▸ **EXERCISE DIRECTIONS**:
Output the entries below word for word, stopping once the line containing "ケーブルに求める条件はフロン" is done, and omit each picture.

_ _ _

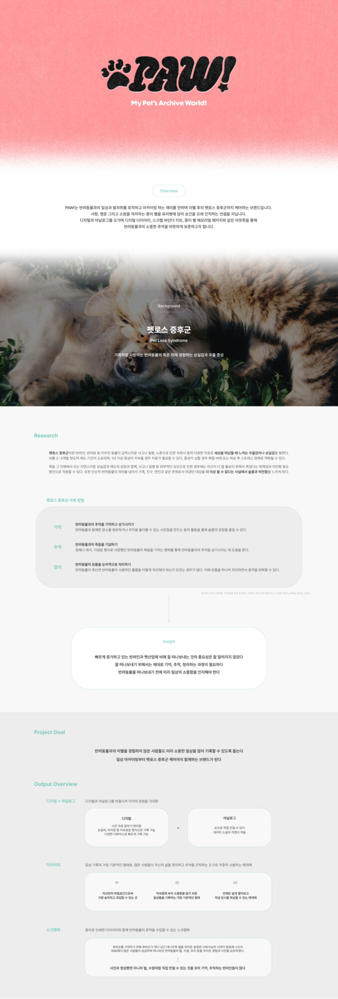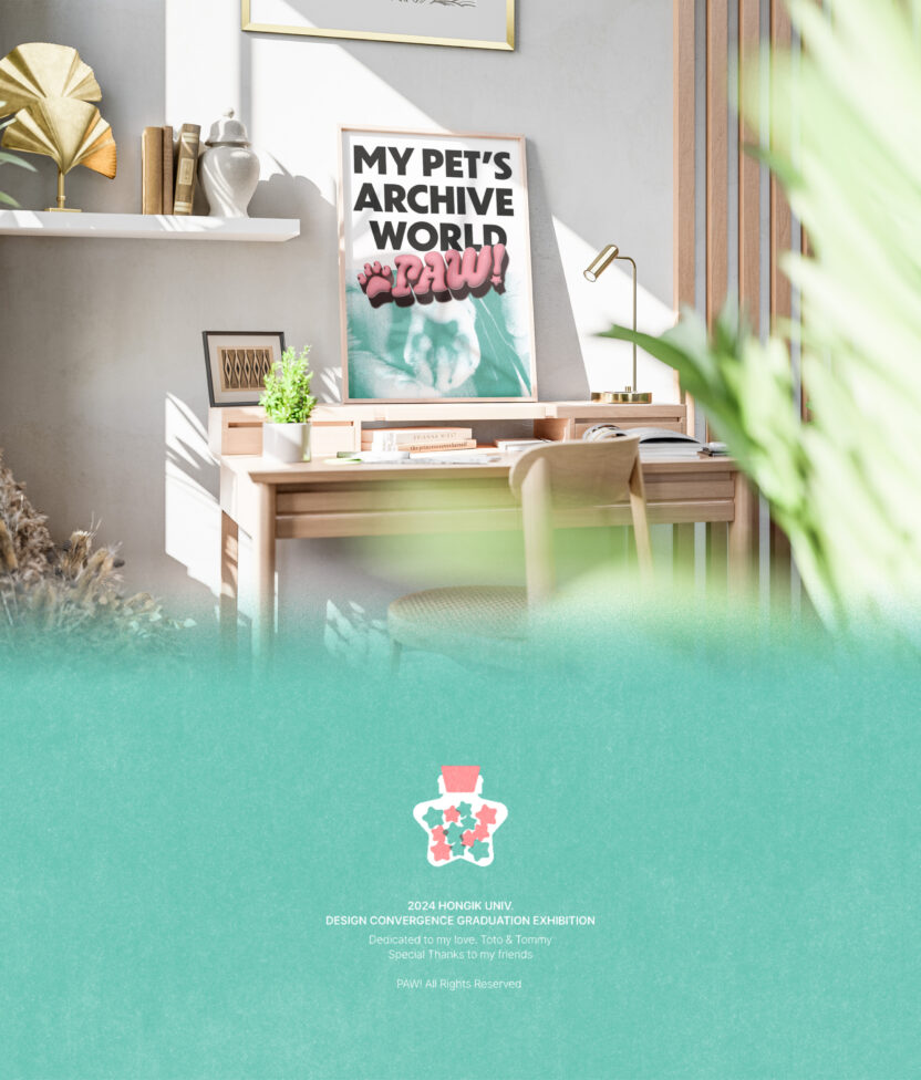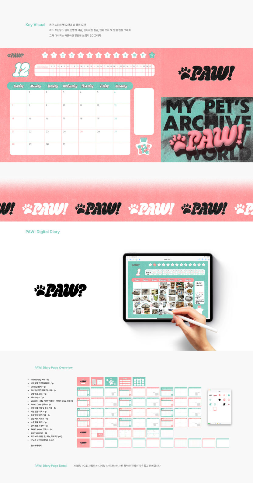 My Pet’s Archive World! PAW!는 반려동물과의 일상과 발자취를 포착하고 아카이빙 하는 재미를 전하며 이별 후의 펫로스 증후군까지 케어하는 브랜드입니다. 사랑, 행운 그리고 소원을 의미하는 종이 별을 유리병에 담아 순간을 오래 간직하는 컨셉을 지닙니다. 디지털과 아날로그를 오가며 디지털 다이어리, 스크랩 바인더, 종이 별 메모리얼 굿즈와 같은 아웃풋을 통해 반려동물과의 소중한 추억을 따뜻하게 보존하고자 합니다.
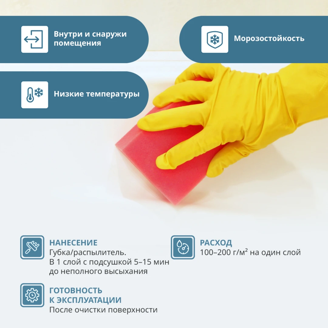 - Расход100-150г/м2 (в зависимости от типа поверхности)
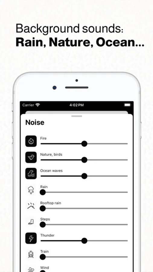 Nature & White Noise Sounds: Rain, ocean waves, thunder, forest sounds & more.
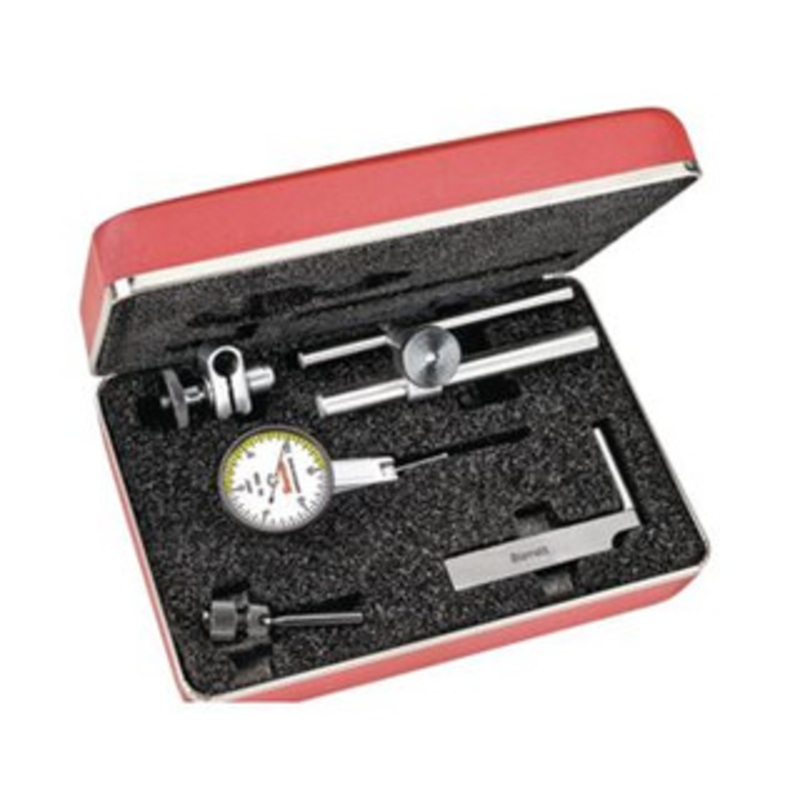 The Starrett 709 Dial Test Indicator with Dovetail Mount offers an easy to read angled head and the flexibility of three dovetail mounts. White Dial, .030 Range, .0005 Grad, with Attachments.
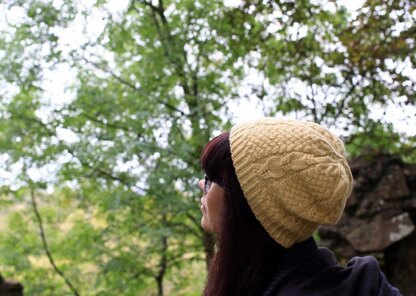 SlipThatch is a brim-up hat, knitted in the round. Cast on for the brim with smaller needles & knit twisted rib for the first inch or two. The needles are then changed to the larger size and the charted/written pattern is commenced. Decreases begin before the crown, remaining in pattern.
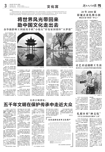良渚文化也蜚声海外。“云上泽国——良渚文明线上主题展”在海外多个国家发布,良渚文化亮相“何以文明”全球巡展,走进联合国总部及英国、瑞士、日本、肯尼亚等国。多语种解读良渚文化的短视频《良渚微讲坛》触及海外受众近2亿人次。
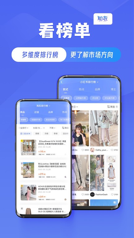 知衣,是知衣科技打造的电商大数据趋势追踪和时尚热点挖掘工具,全面提升女装、男装、童装、鞋类及家居服等行业下的运营、选品及营销效率。我们努力打造一款覆盖全网爆款的选品工具,为商品及设计师们提升选品效率。我们客观呈现行业、品牌、店铺和商品的动态,让市场及运营人员及时获悉最新电商玩法。我们提供专业的行业趋势报告,致力帮助服装设计及企划人员获取最新流行趋势。我们提供在线工作台服务,为企业实现在线协作和数字资产管理提供支持。
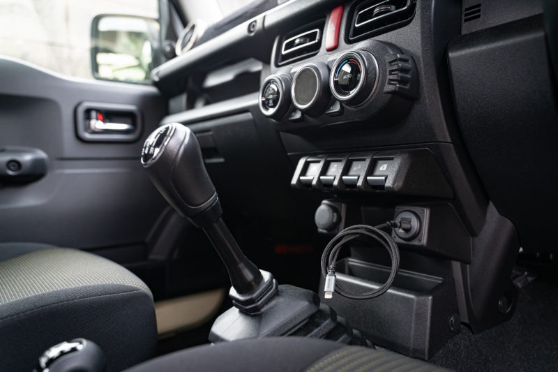 ケーブルに求める条件はフロントガラスに映り込まないようブラックカラーである事。長さが70cm程度が望ましい。丈夫で断線しない事。たったこれだけ。しかしこの3つの条件すらクリアーできるケーブルって世の中少ないのです。一番貴重なのは70cmという長さ。この時点でエレコム製くらいしか選択肢が無いんですよね。でも直前まで使っていて断線したのがそのエレコム製でして...。
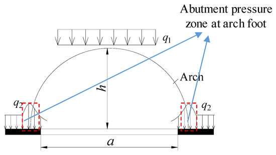 The overburden structure of a working face mining mainly includes two scales: arch and beam. The pressure arch belongs to the whole structure, which plays a macro supporting role in the whole overlying strata. The key stratum existing in the overlying strata belongs to the stratum structure, which controls the movement of the soft rock and surface in the upper part of the stratum [21,22,29]. According to the theory of pressure arch, the high-stress trace of mining overburden is arched; the arch foot shows obvious stress concentration, as shown in Figure 12; and the maximum vertical stress at the arch foot is generally greater than 1.5 times the original rock stress [1,39]. The main key stratum controls surface movement, and its structural characteristics are directly related to the surface subsidence characteristics. Therefore, based on the “arch–beam” theory, combined with the distribution of mining area stress and surface subsidence, this paper analyzes the evolution law of overlying strata structure in the stope.
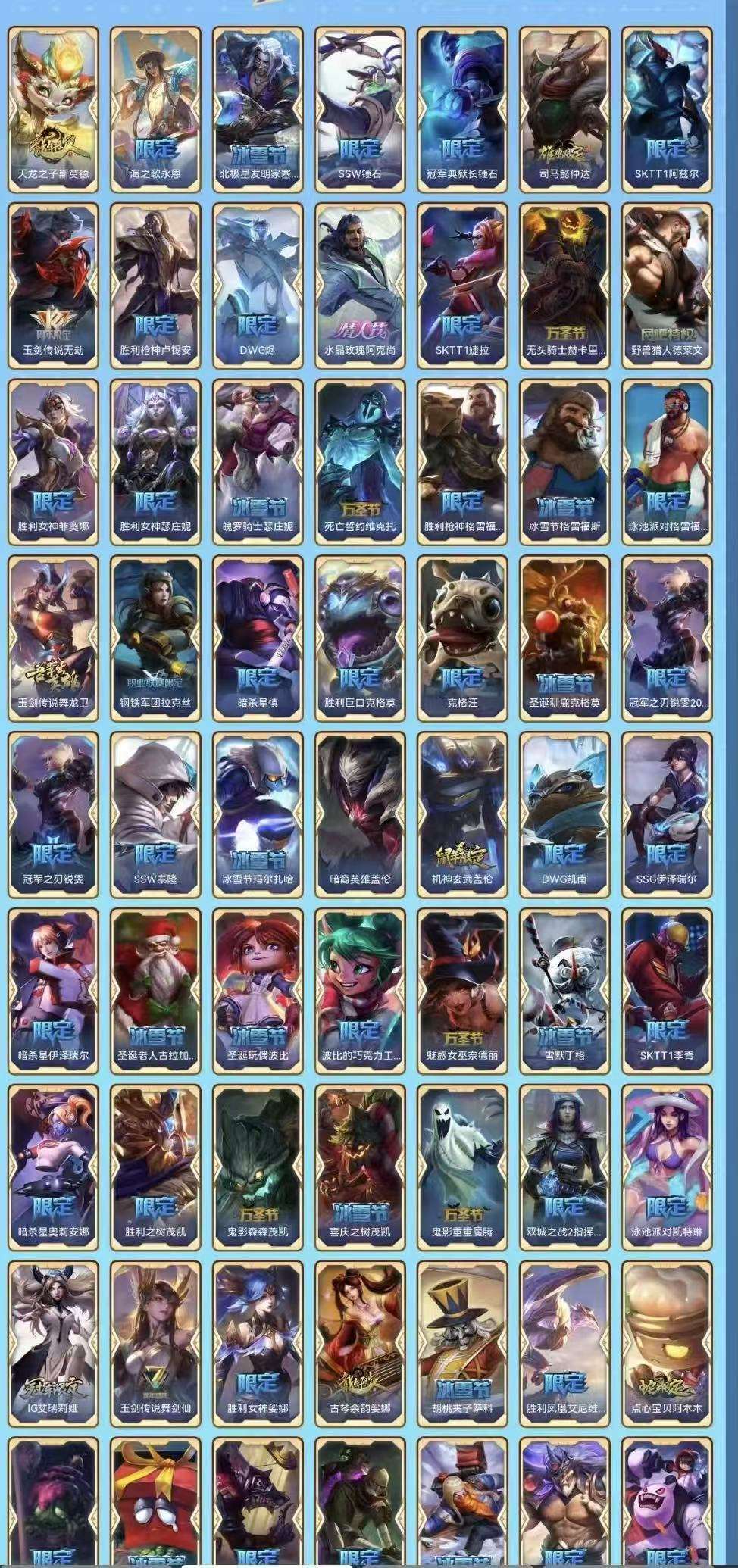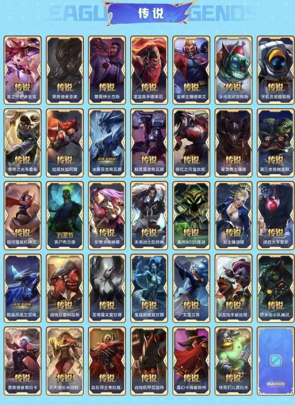 真实1296皮/可排位/15神话/201限定/73传说/龙虾+黑龙-至臻寡妇-小鱼-盖伦-万豪-剑魔-剑姬-石头人等/海克斯科技薇恩/超多年限/冠军皮肤超多
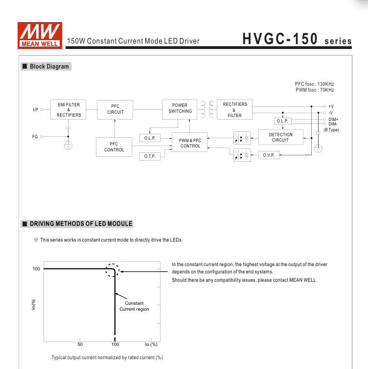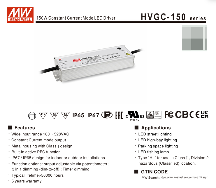 คุณสมบัติ:150.1 วัตต์ 1050 มิลลิแอมป์ 15-143 โวลต์ IP65 CC LED PS
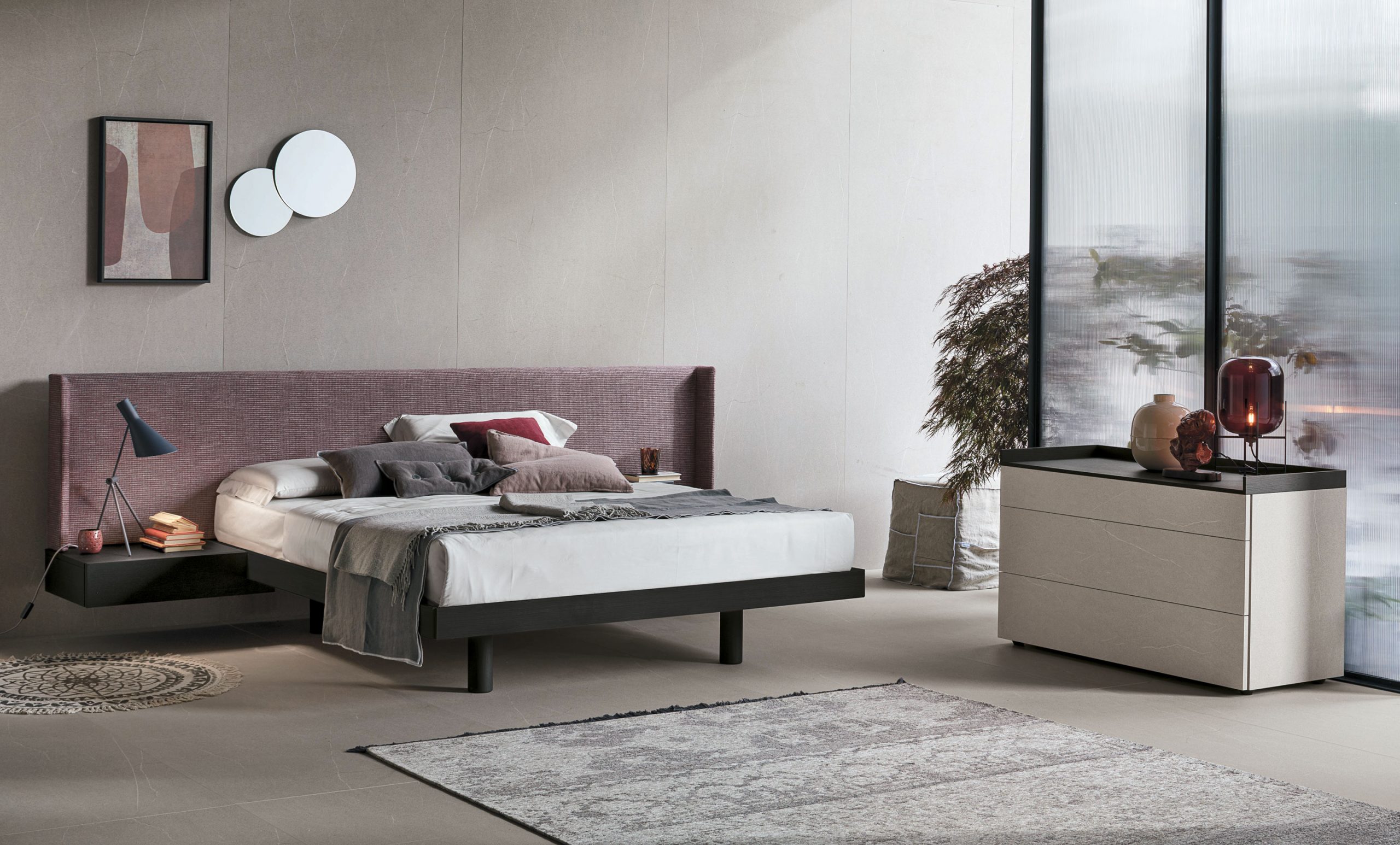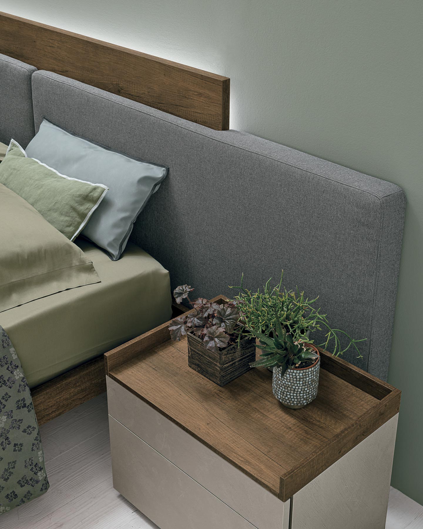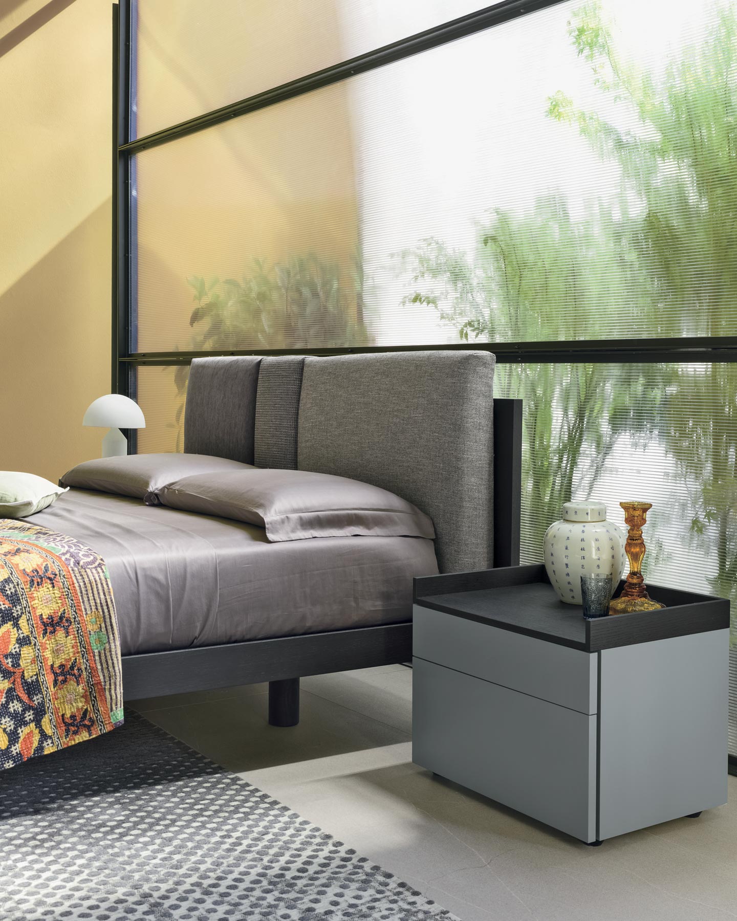 Nel gruppo letto moderno Sir, di Tomasella, il top a vassoio è dettaglio di stile e un originale piano d’appoggio.
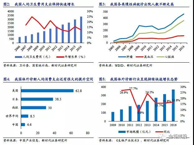 可以看到我國人均衛(wèi)生費用支出保持持續(xù)快速增長,各類慢性病(腫瘤、心臟病、高血壓等)的出院人次也是迭創(chuàng)新高。目前我國的診斷滲透率還比較低,從整體體外診斷人均消費來看,我國人均體外診斷消費金額僅4.6美元,相較全球平均水平8.5美元還有較大的差異,和發(fā)達國家歐美日等相比更是還有十倍的差距。我國體外診斷行業(yè)過去幾年已經(jīng)取得了快速的發(fā)展,行業(yè)規(guī)模從2009年的108億增長到了2016年的369億,年均復合增長率高達16.6%。未來隨著人口老齡化的加劇,人均醫(yī)療費用支出的增長以及技術(shù)的進步,我國體外診斷行業(yè)未來5年都有望保持持續(xù)快速發(fā)展,千億市場值得期待。
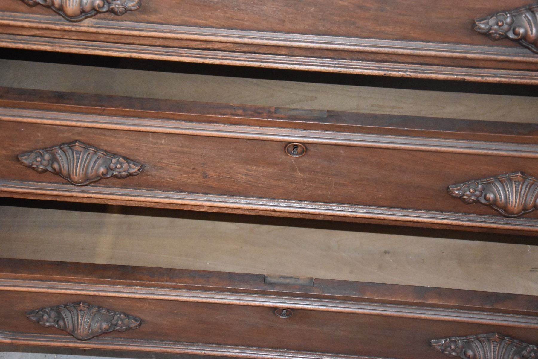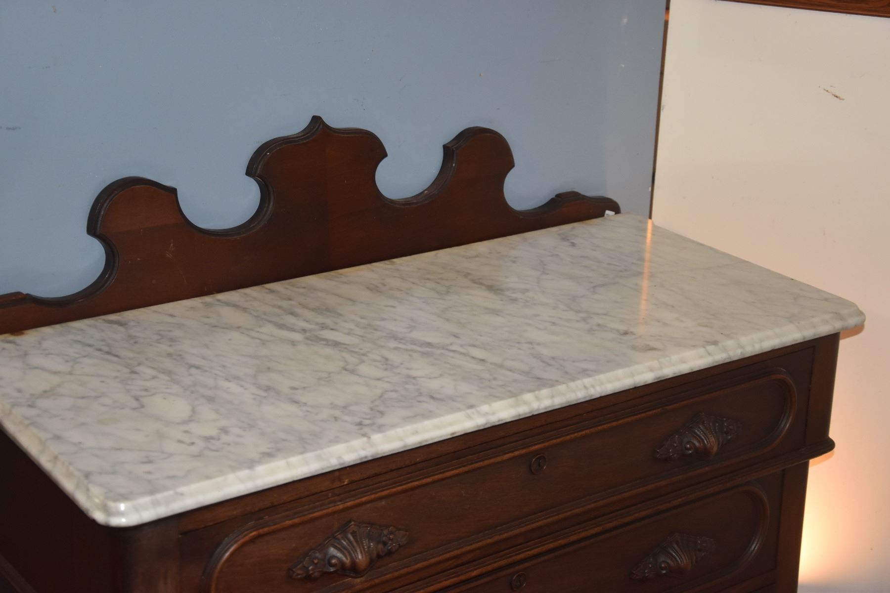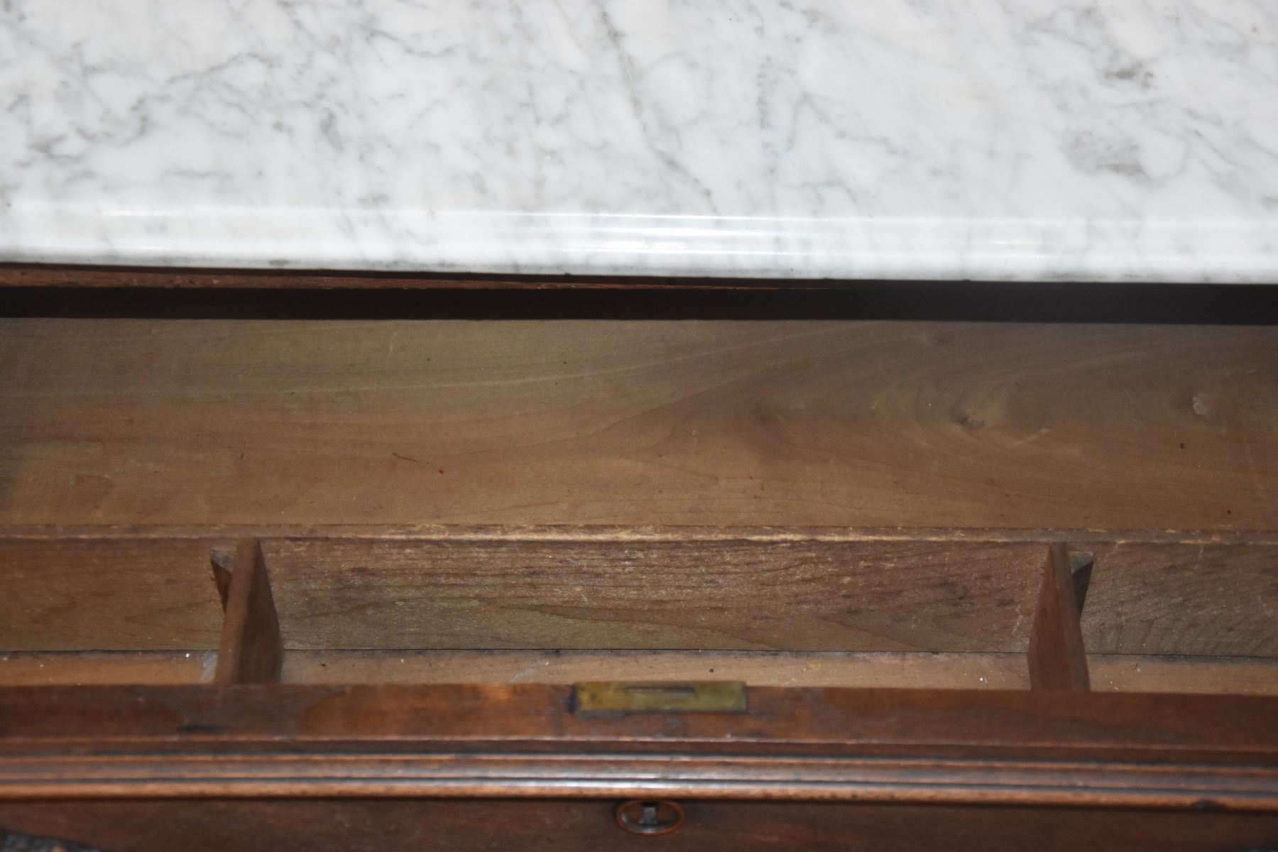 ANTIQUE AMERICAN 19TH CENTURY WALNUT SIDEBOARD W/FIGURED WHITE MARBLE TOP W/3 DRAWERS RAISED ON CASTERS (63" X 24" X 19 3/8")

_ _ _

▸ **WRITTEN SOLUTION**:
 My Pet’s Archive World! PAW!는 반려동물과의 일상과 발자취를 포착하고 아카이빙 하는 재미를 전하며 이별 후의 펫로스 증후군까지 케어하는 브랜드입니다. 사랑, 행운 그리고 소원을 의미하는 종이 별을 유리병에 담아 순간을 오래 간직하는 컨셉을 지닙니다. 디지털과 아날로그를 오가며 디지털 다이어리, 스크랩 바인더, 종이 별 메모리얼 굿즈와 같은 아웃풋을 통해 반려동물과의 소중한 추억을 따뜻하게 보존하고자 합니다.
 - Расход100-150г/м2 (в зависимости от типа поверхности)
 Nature & White Noise Sounds: Rain, ocean waves, thunder, forest sounds & more.
 The Starrett 709 Dial Test Indicator with Dovetail Mount offers an easy to read angled head and the flexibility of three dovetail mounts. White Dial, .030 Range, .0005 Grad, with Attachments.
 SlipThatch is a brim-up hat, knitted in the round. Cast on for the brim with smaller needles & knit twisted rib for the first inch or two. The needles are then changed to the larger size and the charted/written pattern is commenced. Decreases begin before the crown, remaining in pattern.
良渚文化也蜚声海外。“云上泽国——良渚文明线上主题展”在海外多个国家发布,良渚文化亮相“何以文明”全球巡展,走进联合国总部及英国、瑞士、日本、肯尼亚等国。多语种解读良渚文化的短视频《良渚微讲坛》触及海外受众近2亿人次。
 知衣,是知衣科技打造的电商大数据趋势追踪和时尚热点挖掘工具,全面提升女装、男装、童装、鞋类及家居服等行业下的运营、选品及营销效率。我们努力打造一款覆盖全网爆款的选品工具,为商品及设计师们提升选品效率。我们客观呈现行业、品牌、店铺和商品的动态,让市场及运营人员及时获悉最新电商玩法。我们提供专业的行业趋势报告,致力帮助服装设计及企划人员获取最新流行趋势。我们提供在线工作台服务,为企业实现在线协作和数字资产管理提供支持。
 ケーブルに求める条件はフロントガラスに映り込まないようブラックカラーである事。長さが70cm程度が望ましい。丈夫で断線しない事。たったこれだけ。しかしこの3つの条件すらクリアーできるケーブルって世の中少ないのです。一番貴重なのは70cmという長さ。この時点でエレコム製くらいしか選択肢が無いんですよね。でも直前まで使っていて断線したのがそのエレコム製でして...。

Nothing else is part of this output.